Dataset section:
◇ ◇ ◇ ◇

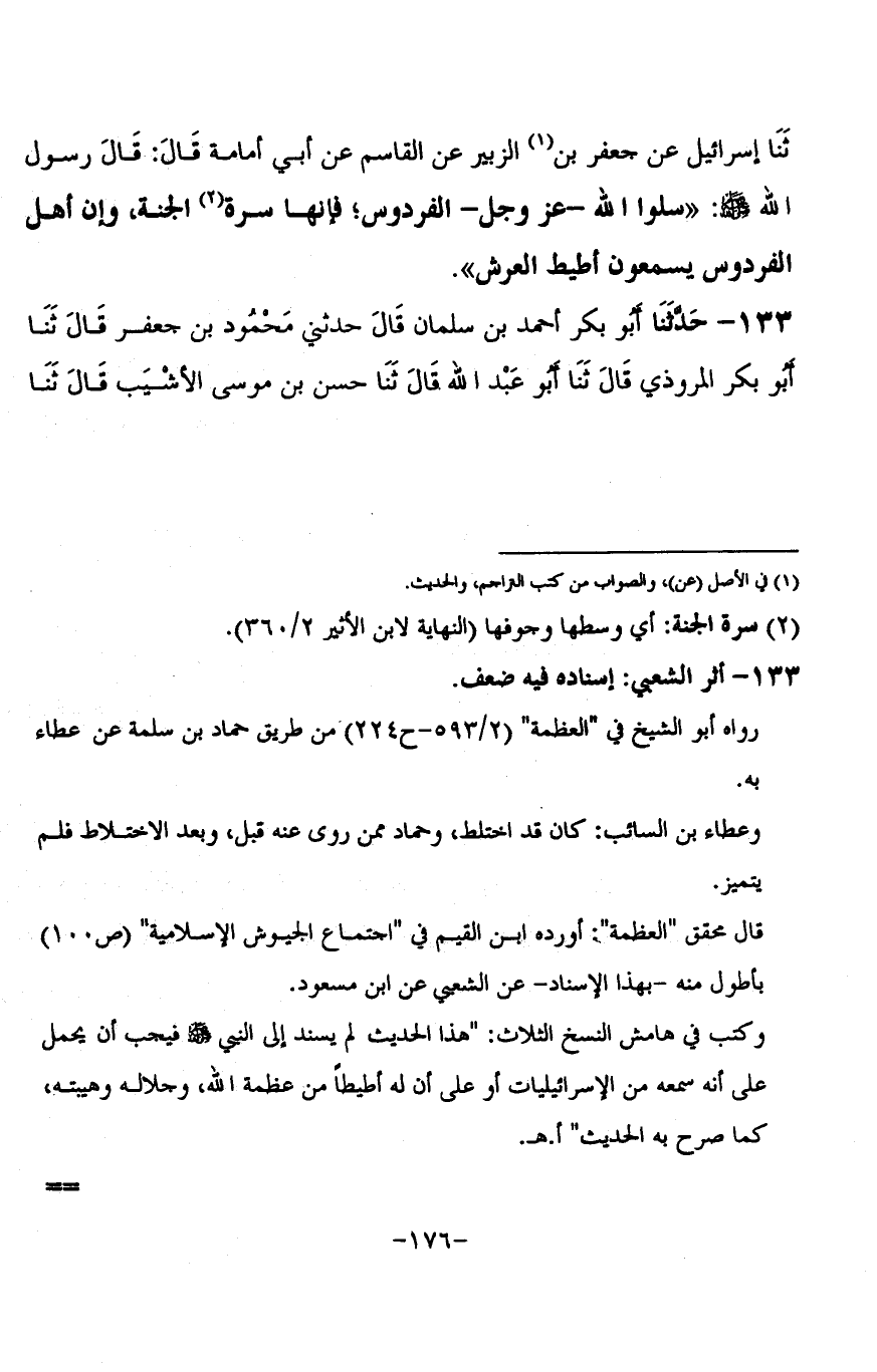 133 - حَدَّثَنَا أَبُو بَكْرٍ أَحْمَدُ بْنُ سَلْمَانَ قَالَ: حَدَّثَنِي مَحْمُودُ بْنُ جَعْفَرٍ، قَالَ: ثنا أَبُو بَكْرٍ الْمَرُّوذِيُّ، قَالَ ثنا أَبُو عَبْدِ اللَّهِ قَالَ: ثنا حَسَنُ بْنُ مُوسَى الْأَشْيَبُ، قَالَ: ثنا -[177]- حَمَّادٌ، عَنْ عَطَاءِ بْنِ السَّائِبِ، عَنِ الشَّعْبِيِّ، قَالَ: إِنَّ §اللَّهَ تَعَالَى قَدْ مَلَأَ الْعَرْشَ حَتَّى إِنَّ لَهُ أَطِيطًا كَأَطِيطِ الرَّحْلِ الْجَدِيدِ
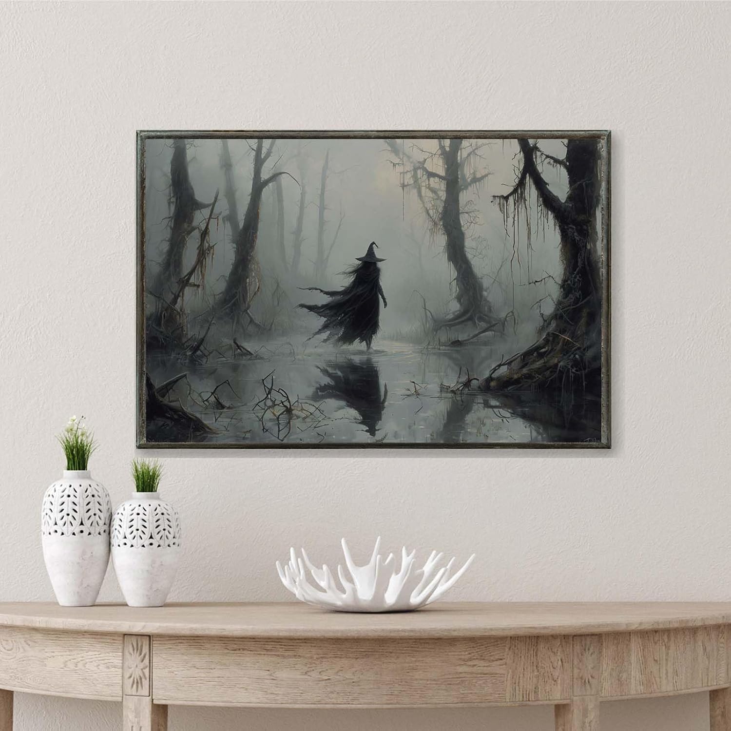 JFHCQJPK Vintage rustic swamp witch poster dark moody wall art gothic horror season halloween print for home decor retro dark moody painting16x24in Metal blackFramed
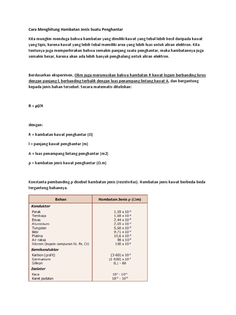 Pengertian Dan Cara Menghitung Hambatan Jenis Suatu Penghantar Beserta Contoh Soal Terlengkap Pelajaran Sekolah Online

◇ ◇ ◇ ◇

Please return the listing above exactly and leave every picture out.

Task result:
 133 - حَدَّثَنَا أَبُو بَكْرٍ أَحْمَدُ بْنُ سَلْمَانَ قَالَ: حَدَّثَنِي مَحْمُودُ بْنُ جَعْفَرٍ، قَالَ: ثنا أَبُو بَكْرٍ الْمَرُّوذِيُّ، قَالَ ثنا أَبُو عَبْدِ اللَّهِ قَالَ: ثنا حَسَنُ بْنُ مُوسَى الْأَشْيَبُ، قَالَ: ثنا -[177]- حَمَّادٌ، عَنْ عَطَاءِ بْنِ السَّائِبِ، عَنِ الشَّعْبِيِّ، قَالَ: إِنَّ §اللَّهَ تَعَالَى قَدْ مَلَأَ الْعَرْشَ حَتَّى إِنَّ لَهُ أَطِيطًا كَأَطِيطِ الرَّحْلِ الْجَدِيدِ
 JFHCQJPK Vintage rustic swamp witch poster dark moody wall art gothic horror season halloween print for home decor retro dark moody painting16x24in Metal blackFramed
 Pengertian Dan Cara Menghitung Hambatan Jenis Suatu Penghantar Beserta Contoh Soal Terlengkap Pelajaran Sekolah Online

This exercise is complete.